Hannah and a sister claim that so much times has passed since the disappearance of the tablet that the museum has no rightful claim.
Their lawyer says that if the tablet turns out to be true ancient artifact, it could be worth approximately $10 million.
Daniel Blatt, who produced “Raid on Entebbe” as well as a cult horror film and an epic science fiction movie, has died of cancer in Los Angeles at the age of 76.
Blatt was born in Rockland County, New York and practiced law after he earned his law degree, but he later switched to Hollywood, where he eventually was nominated for an Emmy Award for co-producing the “Raid on Entebbe” film that was aired on NBC in 1976.
He also produced the cult horror film ”The Howling” and the sci-fi mini-series “V: The Final Battle.”

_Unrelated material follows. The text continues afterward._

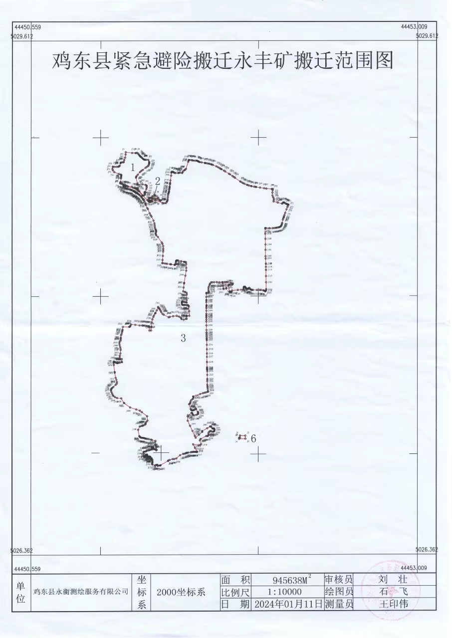 东至永丰村耕地;南至永丰矿变电所;北至永丰村稻田地排水豪;西至永丰村耕地,安置户数391户。(附鸡东县紧急避险永丰煤矿搬迁范围图及坐标)

In an interview with Luke Ford several years ago, Blatt revealed that his favorite work was Entebbe because “it represented the Jews reacting to victimhood in a positive way.
“I grew up in a very Jewish house,” he said. “Then after I was Bar Mitvahed, I said ‘enough of this’ and I moved away from it. And then suddenly to be brought back into this thing was almost like a gift, a circle that I’d completed…. It was coming back to my roots.”
His parents had fled the Nazis in 1934 after his father, a doctor at a Jewish hospital, noticed regulations for Jewish doctors after the Nazis took over the medical facility.
He told the interviewer, “I grew up in a household where persecution of the Jews was drilled into my soul overtly and inovertly.”
Asked if he started observing the Sabbath, Blatt replied, “Let’s not go that far,” but he said he visited Israel “a couple of times.”
He also produced “Common Ground,” about desegregation in Boston in the 1970s, “Kissinger and Nixon,” I Never Promised You a Rose Garden (1977) and “The Boost.”
Blatt produced episodes of the CBS crime drama The New Mike Hammer and concluded his film career this year with the Lifetime telefilm “Twist of Faith.”